The word was a scalpel. It sliced through Yanna's self-perception, dissecting her entire life in three syllables. The frantic jeepney rides, the sweating over coins, the jagged nails, the secret pain—all of it, just a stain on someone else's silk.
Then, the pressure vanished.
Camille released her. The absence of the grip was more jarring than the violence of it. Yanna's arm fell to her side, dead weight. Camille didn't look at her again. She turned her back, wiping her hand on a napkin with slow, methodical precision, as if she had just touched something rotton.
"Manager."
Mrs. Reyes, the agency supervisor, materialized from the crowd. She wasn't angry. She was gray. Her skin had taken on the texture of wet ash. She didn't look at Yanna; she couldn't. Her eyes were fixed on the ruined Tom Ford suit, her breathing shallow and rapid.
"Ma'am Navarro. I am—I cannot express—"
"Stop," Camille cut her off softly. She gestured vaguely behind her, a flick of the wrist. "Remove it. And send the bill to your agency."
"Yes. Yes, Ma'am. Immediately."
"And Reyes?" Camille paused, her head tilting slightly. "If I ever see this... unprofessionalism... in my gallery again, I will have your contract shredded before lunch. Do we understand each other?"
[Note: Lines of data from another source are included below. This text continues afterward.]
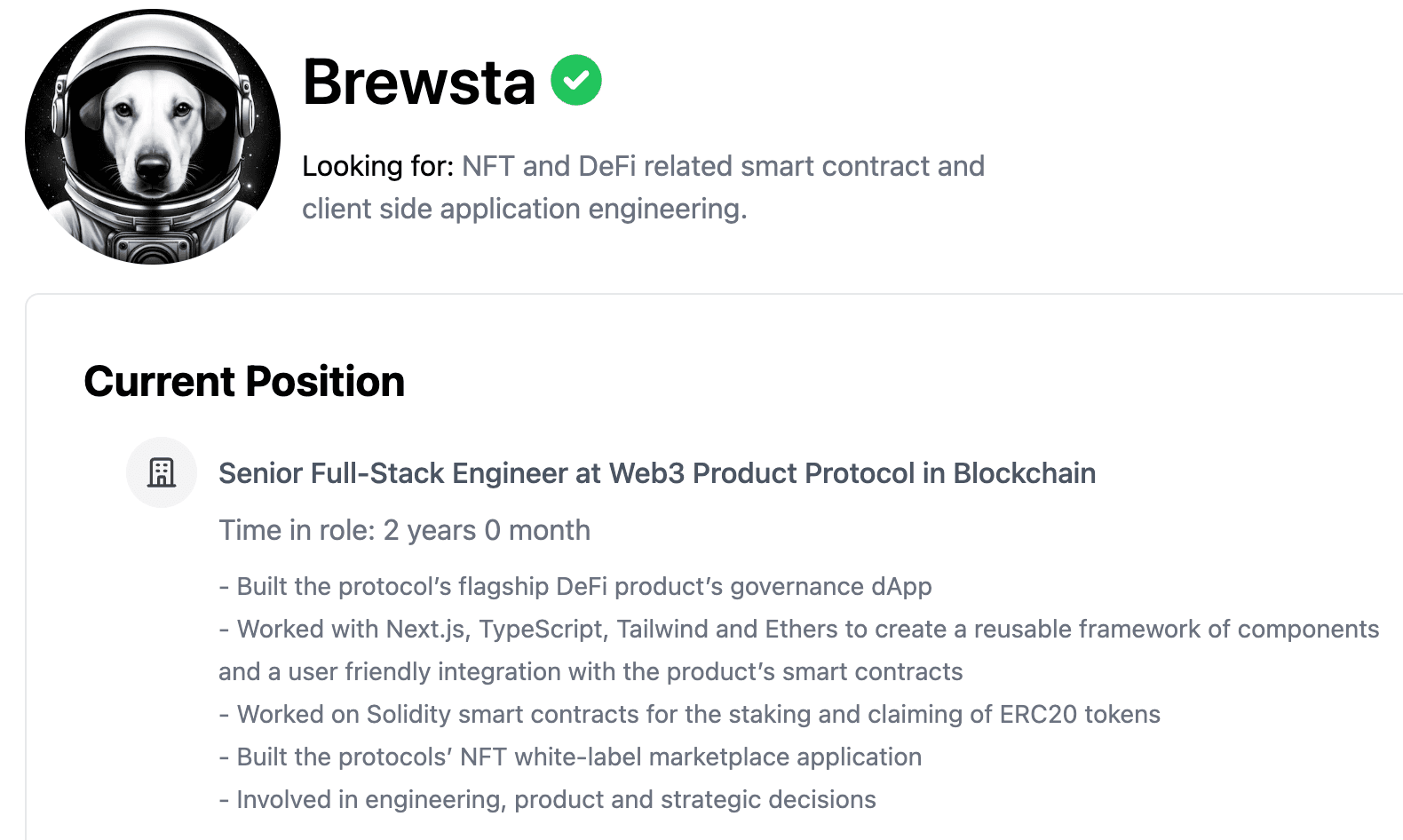Brewsta’s profile is a great example of what’s possible with Noxx. Their current position is descriptive, complete with accomplishments and time in the role. Brewsta is a seasoned engineer with a focus on NFT and DeFi-related smart contract and client-side applications. With over 12 years of web development experience, Brewsta made a seamless transition into crypto, where they notably developed and optimized ERC721 smart contracts, built dApps, contributed to DAOs, and played a crucial role in strategic product decisions.
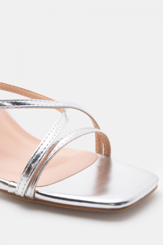 - Alege mules înalte satin sau din piele cu detalii strappy pentru un rezultat sleek & feminin.
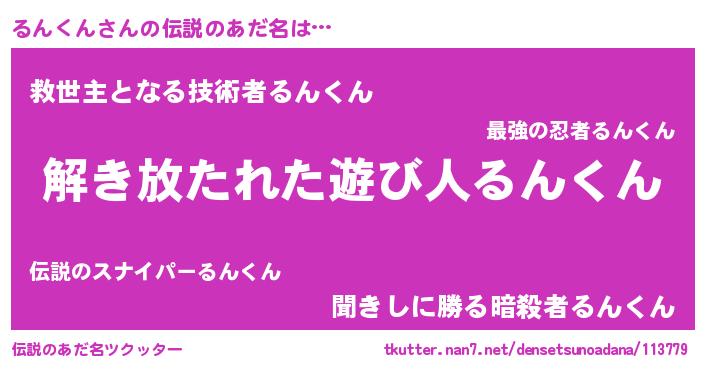 | 男性向けラノベタイトル風あだ名 | 『この素晴らしい世界にるんくんを!』 |
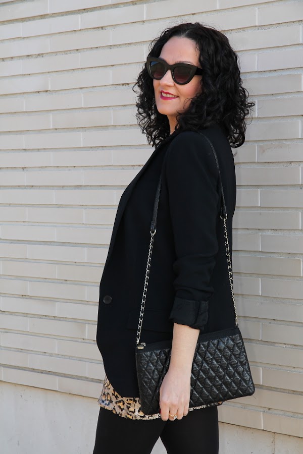 Este año con los amigos decidimos hacer una Nochevieja diferente, más hogareña. Todos los años lo celebrábamos en un sala de fiestas pero este año nos apetecía cambiar optando por hacerlo en una casa. Este fue el look que llevé aquella noche pero con el pelo liso, un look de fiesta con lentejuelas pero más relajado que otros años ya que la ocasión se prestaba. Opté por una blazer negra, blusa negra y esta preciosa falda de lentejuelas con estampado animal print que me rechifla y que seguro voy a llevar muchas más veces, ya sea con jersey o blusa. Lo que más me gusta de este outfit es el collar de lagrimas de Born Pretty, le aporta un toque muy chic al estilismo sin sobrecargarlo.
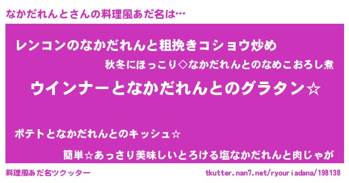 | ヘコむあだ名 | 『なまこ酢』『なかだれんと(小並感)』 |
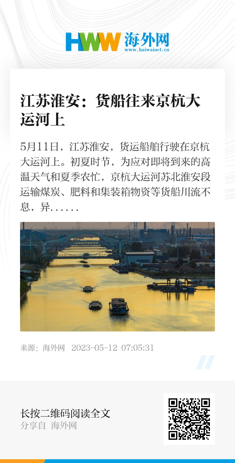 5月11日,江苏淮安,货运船舶行驶在京杭大运河上。初夏时节,为应对即将到来的高温天气和夏季农忙,京杭大运河苏北淮安段运输煤炭、肥料和集装箱物资等货船川流不息,异常忙碌。来源:视觉中国
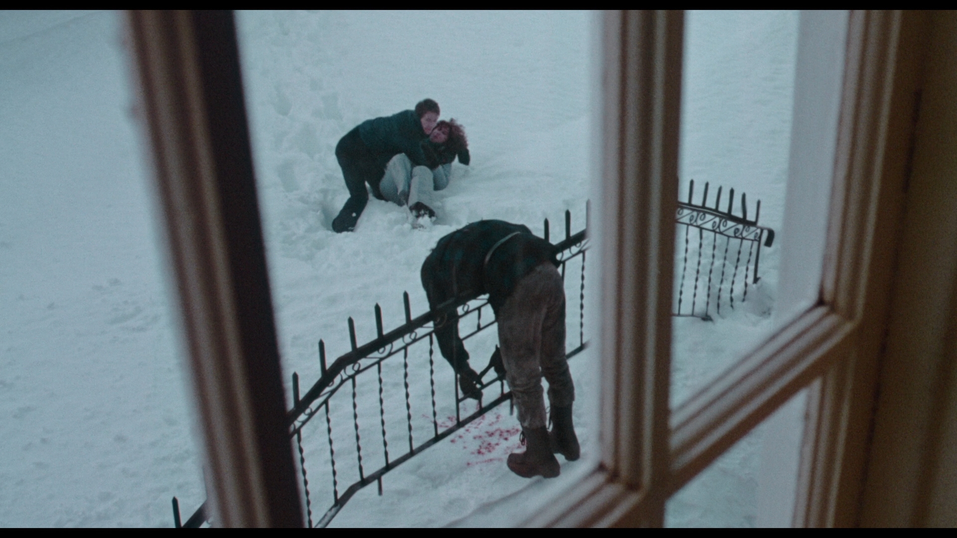 In 2026, Canadian International Pictures revisited the film on Blu-ray with a fresh 4K-sourced scan from what has to be the same print; it looks pretty comparable with a bit more detail and some variations in color timing, notably a cooler look during the opening daylight sequence and a more consistent look for the snow without veering into green or pink tints. The DTS-HD MA English 2.0 mono track sounds about the same and is fine for what it is, with optional English SDH subtitles provided. The previous commentary is replaced here with a new one featuring Spier, Ord, and co-writer/associate producer Doug MacLeod chatting about the making of the very cold film where the setting did much of the heavy lifting to get everyone in the right
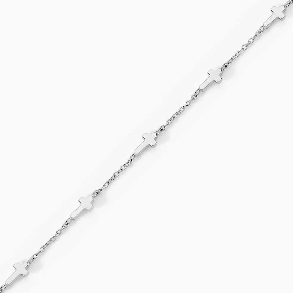 Bracelet Argent Blanc 925/1000 Multi Croix Maille Jaseron 16+3cm
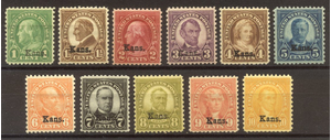 Scott #658-68: 1929 Kansas Ovpts Centering & Condition: Mint. Fresh. Generally Very Fine and CHOICE set. Reverse (Gum Side): Original gum. Never Hinged. Faults / Imperfections: None The item pictured is the actual item you are purchasing, unless otherwise noted. I also offer an interest-free layaway plan. Ask me about it!" All items will be mailed a day or two after payment is received. --------------------------------------------------------------------------------
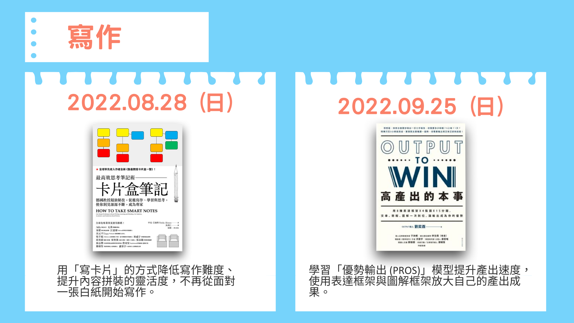 (讀書會時間均為上方標示日期的 20:00 ~ 22:00)
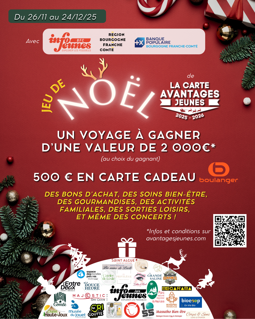 Grand Jeu de Noël de la carte Avantages Jeunes du Jura, qui se déroule du 26 novembre au 24 décembre 2025.
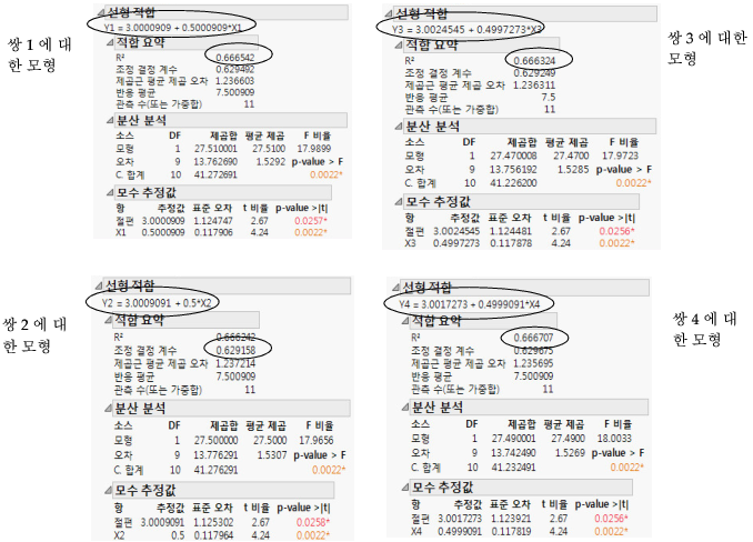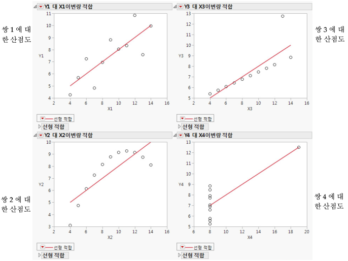 네 가지 모형과 R² 값이 거의 동일하다는 것에 유의하십시오. 각 사례에서 적합 모형은 기본적으로 Y = 3 + 0.5X이며 R² 값은 기본적으로 0.66입니다. 데이터 분석에서 위의 요약 정보만 고려하면 각 사례의 X와 Y 간 관계가 동일하다고 결론내릴 수 있습니다. 그러나 이 시점에는 데이터를 시각화하지 않았습니다. 결론이 잘못되었을 수도 있습니다.
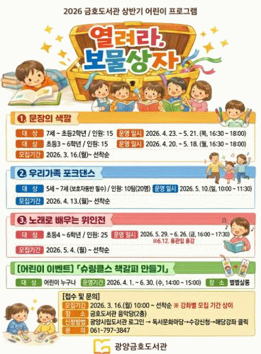 한편, 2026년 금호도서관 상반기 어린이 프로그램과 관련한 자세한 사항은 광양시립도서관 누리집에서 확인하거나 금호도서관으로 문의하면 안내받을 수 있다.
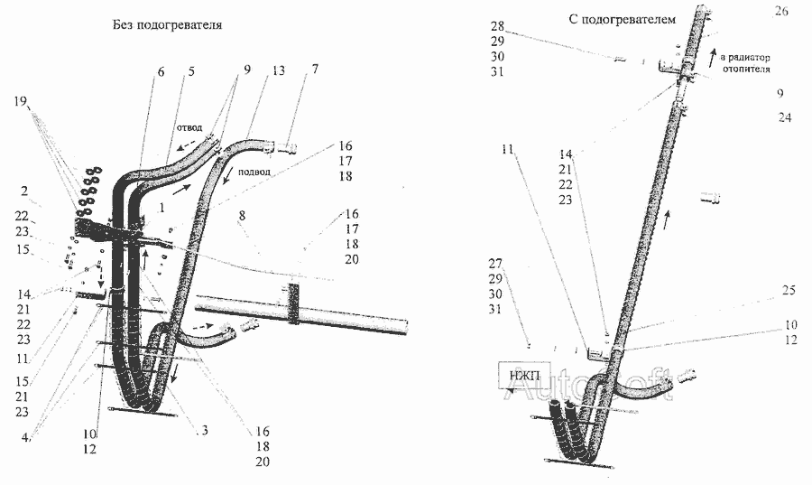 Установка підігрівача 103-1000022 Для МАЗ 103000 з ПЗ 14.8106000 або 141.8106000 » Двигун
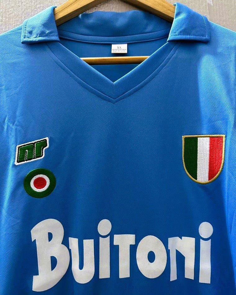 Welcome to the history of world football with a legendary jersey that still brings indelible emotions decades later: DIEGO ARMANDO MARADONA's number 10 shirt of the 1987-88 season of Napoli. An absolute gem with the Scudetto and the Italian Cup rosette on its chest, testifying to the supremacy of the partenopei led by the phenomenal and beloved "Pibe de oro"
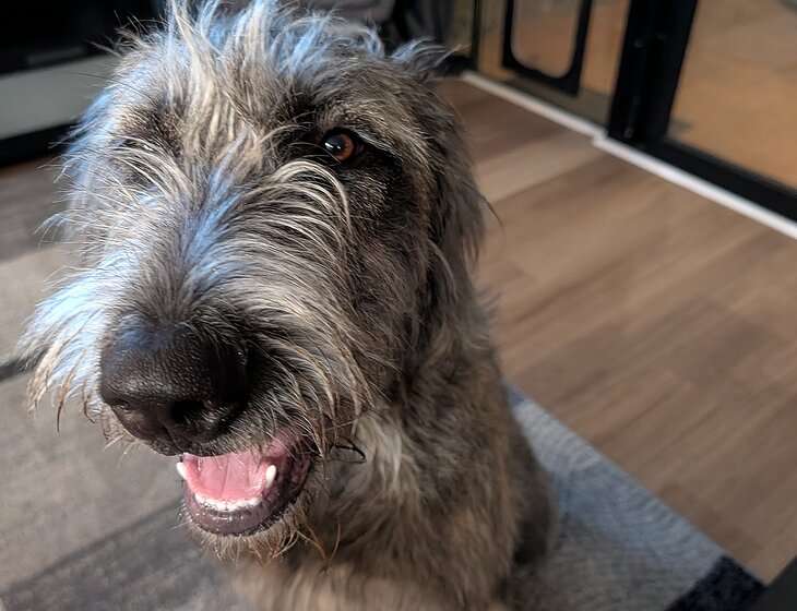 We have two beautiful and affectionate Irish Wolfhounds who are well-behaved and full of love. They’ll happily snuggle up beside you and enjoy your company.
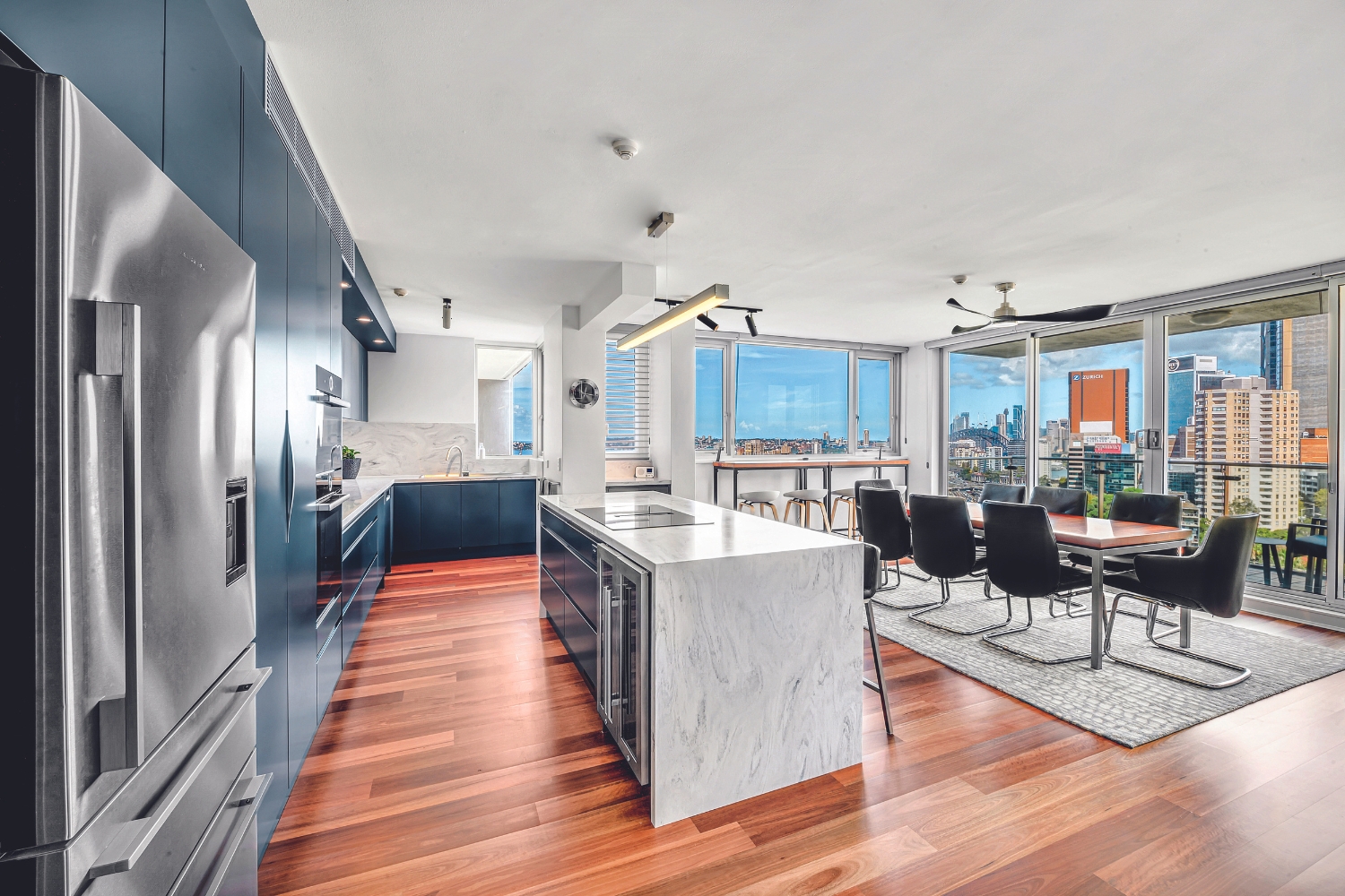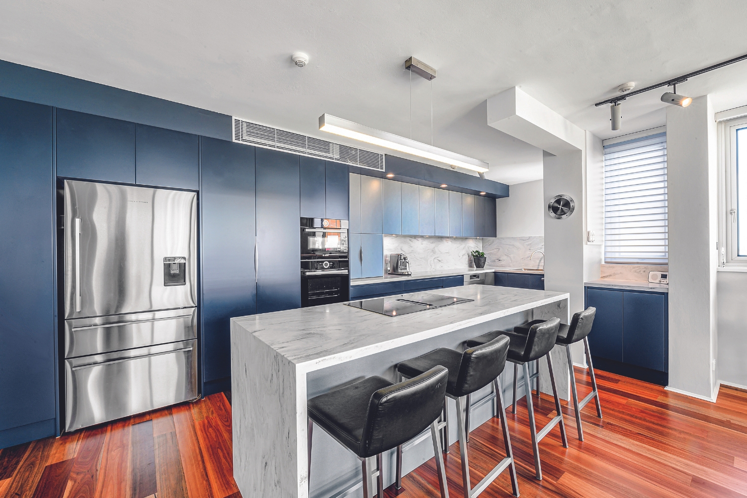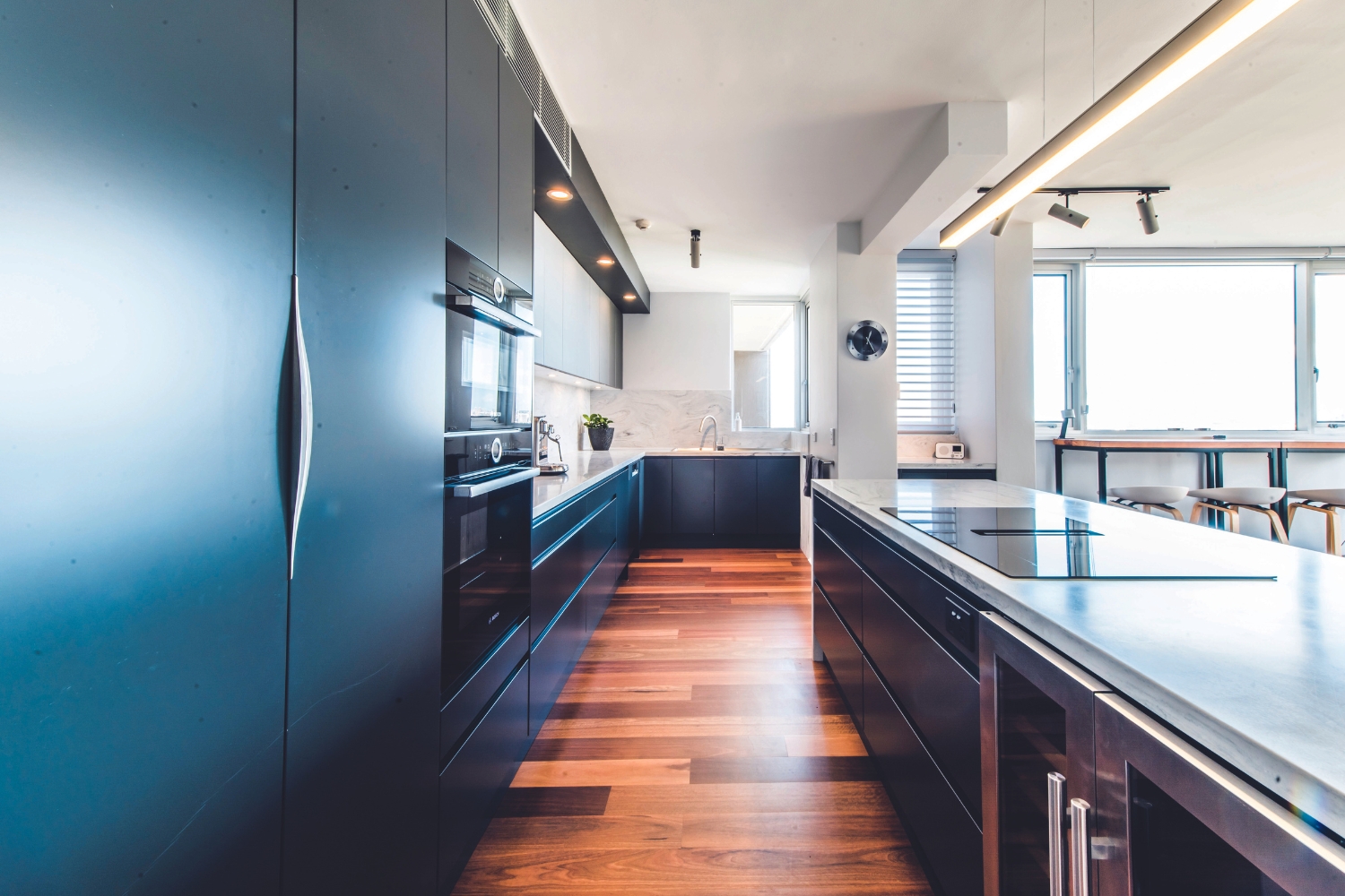 The Corian Carrara lino splashback picks up slivers of grey and works handsomely with the colour tones of the rest of the kitchen, and with warm timber flooring underfoot, it balances the cool colours in the space.
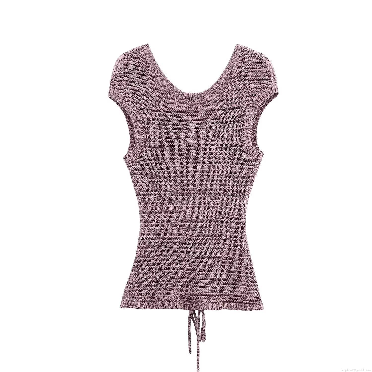 • Women's Two Piece Knit Shorts Set Summer Sexy Lace Up Short Sleeve Top And High Waist Ribbed Knit Shorts Set Casual Streetwear Co-ords
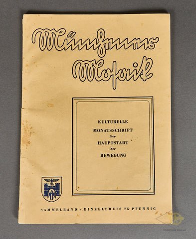 Münchener Mosaik::Kulturelle Monatsschrift der Hauptstadt der Bewegung 1941-This magazine was a monthly cultural magazine promoting art deemed acceptable by the party. This soft cover magazine contains approx. 57 pages with color plates showing painting, sculpture etc. It is in very good condition, though there is some age spotting to the front and back cover. This has a tight binding and is very clean and readable. An interesting original third Reich publication.
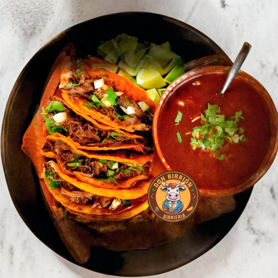 Una porción de birria (consomé y carne) equivalente a un plato, ideal para un comensal, incluye 3 tortillas de maíz, salsa, cilantro, cebolla y limones.
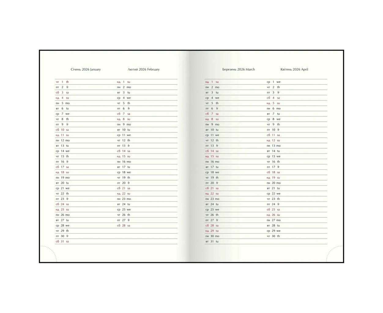 датований 2026 MONOCHROME A5 чорний

Mrs. Reyes looked like she might vomit. "Perfectly, Ma'am."
Camille walked away. She didn't stomp. She didn't storm. She simply flowed back into the party, the crowd parting for her like water, leaving Yanna standing in the wreckage of her own life.
The walk to the service corridors was a blur of vertigo. Mrs. Reyes didn't drag her. She steered her with a trembling hand on Yanna's shoulder, walking fast, her nails digging into Yanna's flesh not out of malice, but out of a desperate need to eject the contamination before it killed them both.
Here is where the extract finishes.